The march disperses at Central Park, and I get on the R, and fall asleep. A group of about 6 early teen boys, dressed in black with carefully maintained white sneakers is chattering on the bench across from me, but I can sleep through that. I get woken up by singing - someone has gotten on at the other end and is singing his way down the aisle panhandling. One of the boy gives him a dollar, and he stops near us while he waits for the next station. He admires their sneakers, then tells them he got his for $20 someplace. I don't hear where. The boys are polite, if a little uncertain, they don't ignore him the way people so often do with the homeless.
I am so deeply asleep when we get to Bay Ridge I almost don't want to wake up, but I groggily get out of the station and stop in the nearby diner hoping that a cup of tea will wake me up. Bay Ridge has a senior center, but the diner often feels like one as well. Two old men in different shades of red shirts, one balder than the other, are sitting at a table near me. They are done, have paid, but are still sitting there. Another old man, this one in olive green with a blue cane, comes in. He immediately begins yelling at one of the seated guys about how he owed him $5 from years ago
He’s standing only a few feet from the other guys’ table, still yelling about the $5 and it seems like the balder of the guys is about to get up to confront him. The tall middle eastern waiter in the backwards baseball cap hurriedly puts his body between the two, asks the olive green guy to calm down, and shepherds him to a seat at the counter. He sits but he is still yelling, "You’re talking behind my back every time I see you!" The waiter asks him to stop again. "I don’t want to hear people talking behind my back!" he yells.

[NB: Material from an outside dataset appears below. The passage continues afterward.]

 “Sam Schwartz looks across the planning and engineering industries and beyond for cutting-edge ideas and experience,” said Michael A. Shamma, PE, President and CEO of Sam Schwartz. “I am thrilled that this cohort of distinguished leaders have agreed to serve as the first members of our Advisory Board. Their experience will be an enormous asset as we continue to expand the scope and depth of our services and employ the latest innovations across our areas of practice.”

"I gave $400 to a girl who has cancer. I didn’t want the money back. I just don’t want people talking behind my back. He’s the one I owe the $5, but you’re always talking!"
"Come over here and do something about it," says the balder one. The waiter has reached his limit. “If you want to fight go out there! Not in here!” he barks, pointing at the sidewalk beyond the windows. This is a ridiculous statement, considering that nobody involved in this is less than 75 yrs old. "I’m going to a break a table over his head," says the balding guy. Another old man, in blue plaid sleeves, comes in and tells the balding guy, "calm down, do you want to get in trouble the way I got in trouble?" At this I perk up my ears, it sounds like it might be an interesting story. But having stopped the balding guy, and seeing that the olive green guy is somewhat sulkily drinking his coffee with his back to the room, blue plaid guy leaves, apparently having only come to calm this situation down. This makes me wonder if it’s a continuation of something that started earlier, somewhere else because how else would he have known that these two were likely to clash. Olive green guy seems to get involved in the weather report on the screen wedged between the tiny boxes of cereal and the many types of tea, heavy on the various kinds of zingers.

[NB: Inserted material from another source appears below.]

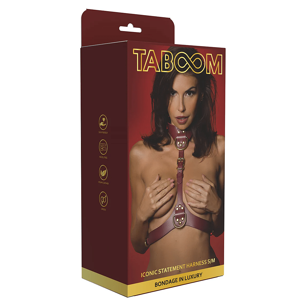 Dit harnas is gemaakt van kunstleder met gouden details en wordt om de nek en onder de borsten gedragen om je rondingen te accentueren.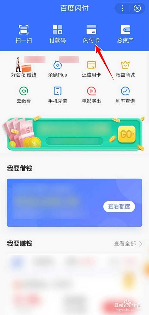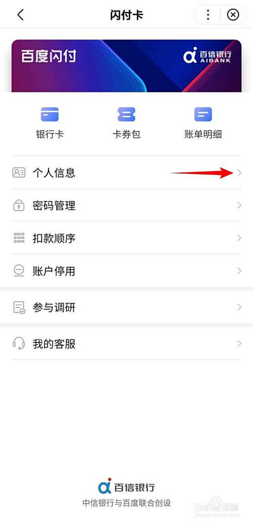 在百度闪付的页面,页面有一些功能入口和宣传内容,在闪付卡页面,点选个人信息右侧的箭头;;

Walking home from the diner, I glance down and see part of a dead pigeon on the sidewalk. I don't deal well with dead animals so I want to look away quickly but then I realize this is not just a regular pigeon, it was wearing a band. I can't see the whole band, but just the letters "giullo". I wish I had gloves, but they're in my work bag, in my narcan kit, so I just take a photo, which I post on a big pigeon and dove rescue group, in hopes that anyone who is looking for this bird will see it.